2 -- For any basic graph pattern BGP and pattern instance mapping P, P(BGP) is well-formed for E.

BGPs that can only be instantiated into malformed triples, e.g., because they require a literal in the subject position, do not have a valid pattern instance mapping and the condition is satisfied. Only the OWL 2 Direct Semantics regimes restricts the well-formedness of the queried graph and the basic graph patterns further. Since graphs and queries that are malformed for OWL 2 Direct Semantics are rejected with errors and, thus, do not have pattern instance mappings, the condition is satisfied.

3 -- For any scoping graph SG and answer set {P1 ... Pn} for a basic graph pattern BGP, and where {BGP1 .... BGPn} is a set of basic graph patterns all equivalent to BGP, none of which share any blank nodes with any other or with SG

SG E-entails (SG union P1(BGP1) union ... union Pn(BGPn))

Before giving a proof, the following example illustrates how this condition could be violated. Assume SG contains the triples:

ex:s ex:p _:b1 .
_:b2 ex:p ex:o
and the BGP of the query is
?x ex:p ?y

The graph (even simply) entails the triple ex:s ex:p _:1 and also the triple _:1 ex:p ex:o. If we were to take P1: ?x/ex:s, ?y/_:1 and P2: ?x/_:1, ?y/ex:o, then, since BGP does not contain blank nodes, we can take any two copies BGP1, BGP2 of BGP and we would have to show (only considering the two example solutions):

SG E-entails (SG union P1(BGP1) union P2(BGP2)) =

{ ex:s ex:p _:b1 . _:b2 ex:p ex:o } E-entails { ex:s ex:p _:b1 . _:b2 ex:p ex:o . ex:s ex:p _:1 . _:1 ex:p ex:o }

This is clearly not the case because SG does not entail ex:s ex:p _:1 . _:1 ex:p ex:o. The use of the same blank node identifier across several solutions is only valid if also the corresponding blank nodes in SG are identical.

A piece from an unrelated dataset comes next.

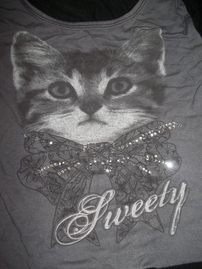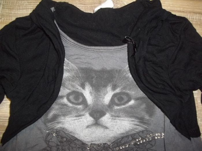 Tunique (ou robe courte) à manches 3/4, fluide (95 % viscose 5 % élasthanne) effet 2 en 1 avec "faux boléro" noir col châle avec petit noeud sur côté gauche, haut gris avec impression phot chaton et quelques strass sur gros noeud papillon (en manquent) "Sweety", jupette noire effet boule. Longueur 49 cm, manches 31 cm, largeur aisselles 31 cm. Noté 8 ans mais convient plus jeune.
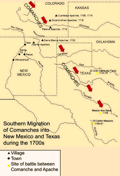 L’ostilità tra Spagnoli e Comanches scoppiò intorno al 1740. I motivi non sono del tutto chiariTra il 1741 e il 1749 i Comanches incominciarono a assalire i Pueblo di Pecos e Galisteo con grande furia, uccidendo più di 300 abitanti. Il Governatore Velez, che assunse la carica nel 1749, decise di fermare questi sanguinosi raids insediando a Pecos una guarnigione di 30 uomini e circondando Galisteo con muri e torri d’osservazione. ?Gli attacchi contro i 2 villaggi furono probabilmente una rivalsa verso l’ospitalità che i 2 pueblo avevano dato ai Plains Apaches. Erano in rapporto così amichevole con gli Apache, che questi ultimi lasciavano loro le donne e i bambini quando si avventuravano sulle pianure a caccia di bisonti. ?Gli ufficiali Spagnoli non associarono la presenza degli Apaches con la crescente ostilità, anzi Velez riteneva necessario trattenerli vicino a Pecos per aumentare le difese e usarli come spie, visto che si spingevano nelle pianure, a differenza dei Pueblos. Sia i Plains Apaches che gli Jicarillas servivano, poi, gli Spagnoli come soldati e scouts. Nel 1760 il Vescovo Tamaron incontrò, tramite i Pueblo di Santo Domingo, un leader di “pacifici Apaches” che era molto stimato nel regno perchè avvisava lealmente dell’avvicinarsi degli scorridori Comanches e era un alleato sicuro in guerra.

All the entailment regimes satisfy this restriction since blank nodes are treated as Skolem constants, i.e., although both of the triples in the above example are possible solutions, these are not part of the actual solutions.

4 -- Each SPARQL extension MUST provide conditions on answer sets which guarantee that the set of triples obtained by instantiating BGP with each solution μ is uniquely specified up to RDF graph equivalence, and SHOULD provide further conditions to prevent trivial infinite answers as appropriate to the regime.

All entailment regimes, but the RIF entailment regime, require that bindings are only taken from a vocabulary defined for the regime. Since the defined vocabularies are finite, it is immediate that any BGP over any AG results in finite answers. The answer set is unique up to RDF graph equivalence since the entailed answers can only vary in their blank node identifiers, which still preserves graph equivalence. For the RIF entailment regime finiteness and uniqueness follows from the safety conditions.

D Change Summary

Changes since Proposed Recommendation

Changes since Last Call

Since last call, the following changes have been made:

  1. Since XML Schema Definition Language (XSD) 1.1 Part 2: Datatypes [XML Schema Datatypes] now has recommendation status, the reference to XML Schema Part 2: Datatypes Second Edition, eds. Paul V. Biron, Ashok Malhotra (W3C Recommendation 28 October 2004) becomes obsolete as previously announced.
  2. In the informative section "Entailment Regimes and Property Paths", the link to the property path translation in SPARQL Query 1.1 has been fixed and the example has been updated to reflect the new algebra operators that SPARQL 1.1 Query introduced for property path expressions.

Since Candidate Recommendation, the only change has been to remove the "At Risk" notes, which labeled sections of the text which might potentially have been removed during Candidate Recommendation (but were not).